Sudden Post-Traumatic Sciatica caused by a
Thoracic Spinal Meningioma
Spinal meningiomas are slow-growing, benign tumors. They are more common in young adults and elderly women. Symptoms can take several years to appear, with localized pain often being the initial sign. Radicular pain can also occur if the tumor compresses nerve roots.
Sudden symptom onset without prior spinal issues is very uncommon in spinal meningiomas. It may be caused by tumor hemorrhage, spinal cord compression due to concurrent trauma, or nerve root and cord entanglement.
After an accidental fall, literature has reported a previously symptom-free 35-year-old woman experienced intense low-back pain radiating to the right sciatic area and weakness in her right leg.
A CT scan showed no abnormalities, but an MRI revealed a tumor on the left side of the spinal canal at the T11 level, displacing the spinal cord downward and to the right. The conus medullaris was unaffected.
The examination of the nervous system revealed diminished strength in the right quadriceps femoris and the flexor and extensor muscles of the right foot. Both knee and ankle reflexes were heightened, and the presence of a positive Babinski sign was observed. Furthermore, there was a slight reduction in sensation (hypoesthesia) in the right leg.

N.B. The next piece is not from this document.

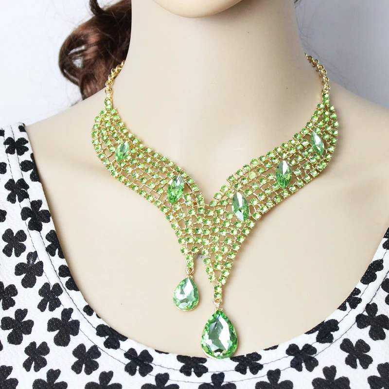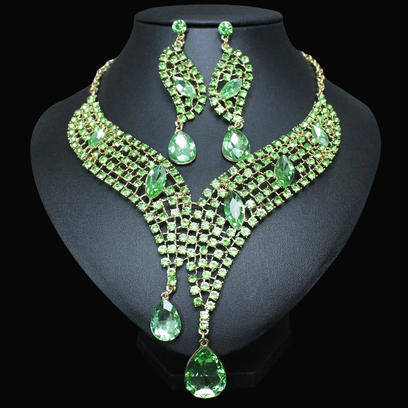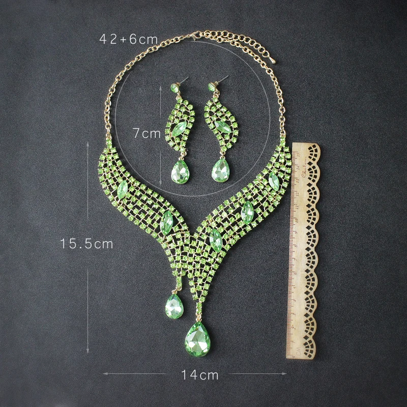 Product Name: Новые наборы свадебных ювелирных изделий большая капля воды кристалл свадебный набор украшений для женщин золотой цвет колье ожерелье сер...

Surgery was carried out to remove an intradural extramedullary meningioma that was attached to the spinal dura’s left postero-lateral surface at the T11-T12 level. The tumor was identified as an atypical (WHO II) meningioma based on histopathological examination.
After surgery, the patient was symptom-free at the last follow-up, five months post-surgery. Physiotherapy resulted in rapid improvement of right leg paresis, enabling autonomous walking with minimal residual ataxia. The low-back and right sciatic pain progressively disappeared. MRI of the thoracic spine showed no residual tumor or cord compression.

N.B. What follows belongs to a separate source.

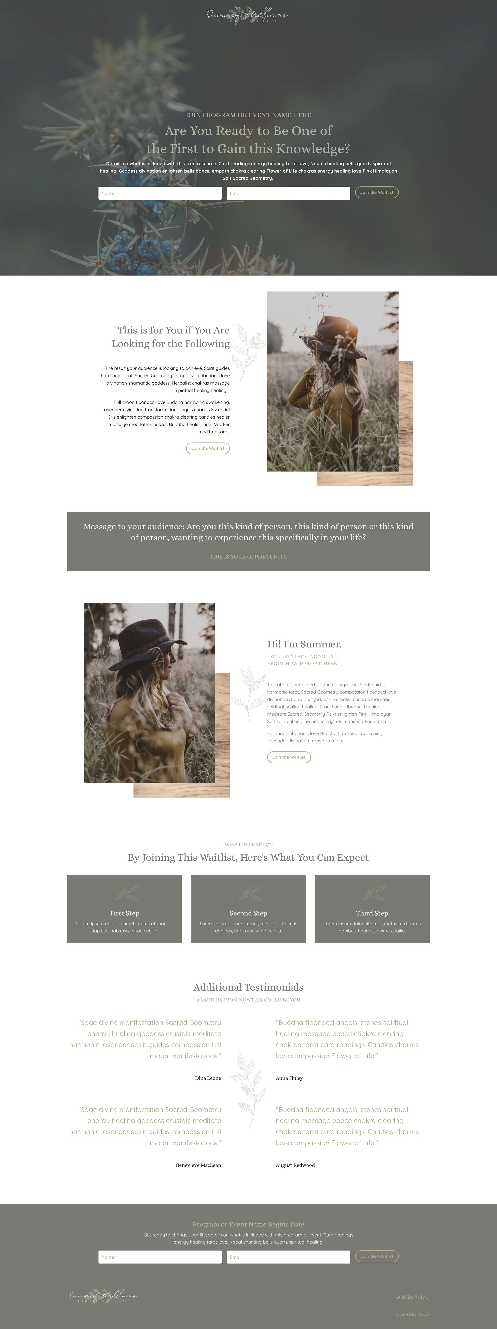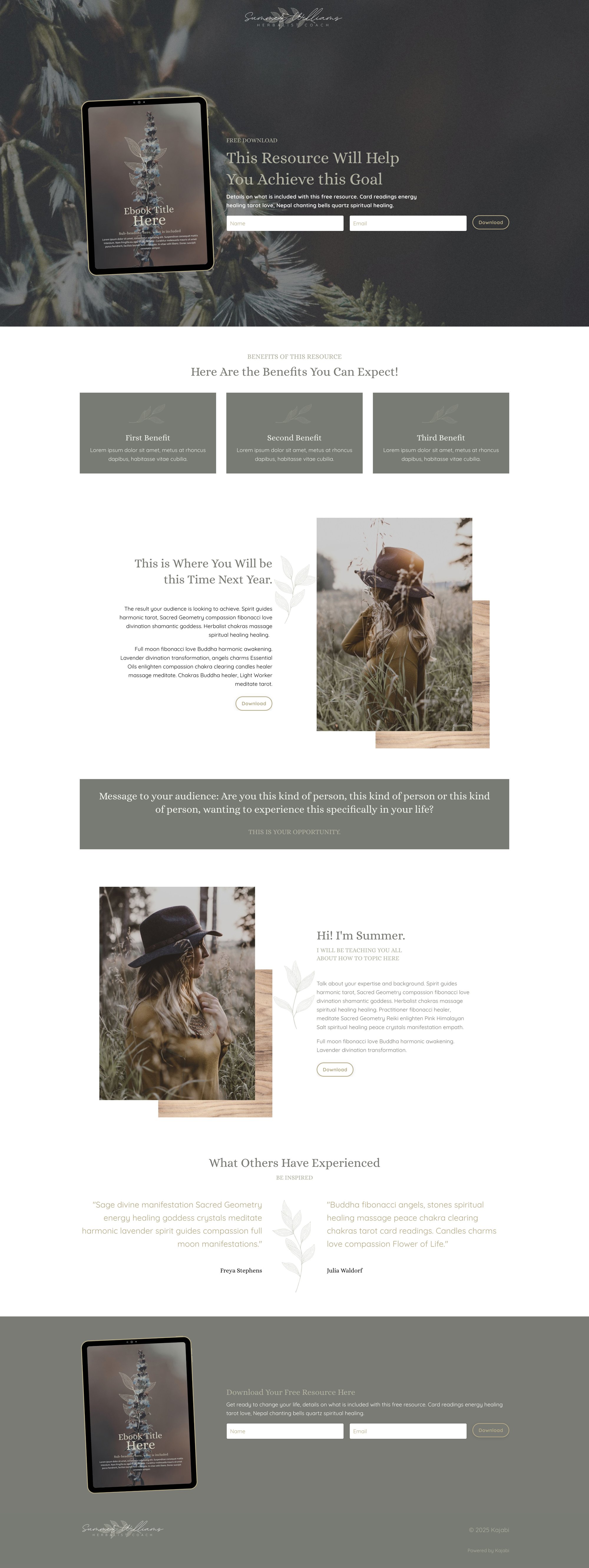 This premium Kajabi template was designed with soul and strategy, so you don’t have to choose between dreamy design and smart conversion. Scroll through the pages below and see how effortless it can be to bring your brand to life.

Various factors can contribute to the sudden clinical onset of spinal meningiomas. Symptoms may include abrupt back pain or rapidly worsening neurological deficits. While subarachnoid or subdural bleeding is uncommon in these tumors, it is more frequently observed in other types of tumors.
Another uncommon presentation is acute paraparesis resulting from a vertebral compression fracture at the same level as the tumor. Furthermore, sudden clinical symptoms can arise from abnormal movements of the spine that cause nerve stretching.

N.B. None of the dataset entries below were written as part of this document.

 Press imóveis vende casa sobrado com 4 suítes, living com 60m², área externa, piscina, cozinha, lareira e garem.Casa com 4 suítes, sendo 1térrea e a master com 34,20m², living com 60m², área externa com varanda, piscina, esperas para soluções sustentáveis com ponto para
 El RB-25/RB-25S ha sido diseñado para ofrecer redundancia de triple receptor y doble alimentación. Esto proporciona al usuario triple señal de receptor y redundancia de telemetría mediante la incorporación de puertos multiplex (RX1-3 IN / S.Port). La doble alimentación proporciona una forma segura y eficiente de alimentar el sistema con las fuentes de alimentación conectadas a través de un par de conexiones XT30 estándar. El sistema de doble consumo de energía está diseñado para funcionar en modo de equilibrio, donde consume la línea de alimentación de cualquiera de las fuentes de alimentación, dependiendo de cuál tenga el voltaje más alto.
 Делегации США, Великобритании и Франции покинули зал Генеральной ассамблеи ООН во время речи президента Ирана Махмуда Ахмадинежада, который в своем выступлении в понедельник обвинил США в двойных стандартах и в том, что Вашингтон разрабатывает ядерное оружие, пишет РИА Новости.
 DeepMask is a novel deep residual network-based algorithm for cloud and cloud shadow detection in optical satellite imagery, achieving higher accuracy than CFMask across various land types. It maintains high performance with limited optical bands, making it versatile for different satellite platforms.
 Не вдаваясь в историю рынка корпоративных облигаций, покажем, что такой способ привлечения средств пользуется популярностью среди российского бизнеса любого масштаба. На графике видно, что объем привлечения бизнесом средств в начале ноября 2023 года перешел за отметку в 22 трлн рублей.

Patients with a lower conus position and a tethered cord may experience symptoms even with minor trauma, physical exertion, spinal flexion, or during pregnancy.
In cases where the spinal cord is positioned normally and there is no thickening of the filum terminalis, clinical symptoms typically emerge later due to the adaptive properties of cerebrospinal fluid and nearby vascular structures.
Only when the tumor compression exceeds the capacity of these structures does it directly impact the spinal cord, resulting in neurological deficits. Stretching of the cord and nerve roots is a rare occurrence, usually seen in specific circumstances involving significant spinal trauma.
In the reported incident, the patient’s accidental fall transmitted force to the spine, causing the stretching of the lower spinal cord and displaced lumbosacral nerve roots already affected by the tumor.
The presence of dentate ligaments, responsible for stabilizing the spinal cord within the dural sac, likely contributed to limiting the mobility of the nervous structures and rendering them more vulnerable to stretching after the trauma.
When sciatic pain occurs suddenly after trauma, it is commonly associated with lumbar or peripheral issues. However, if an MRI of the lumbar spine shows no abnormalities and there are objective neurological signs of spinal cord compression, a compression in the low thoracic cord should be considered.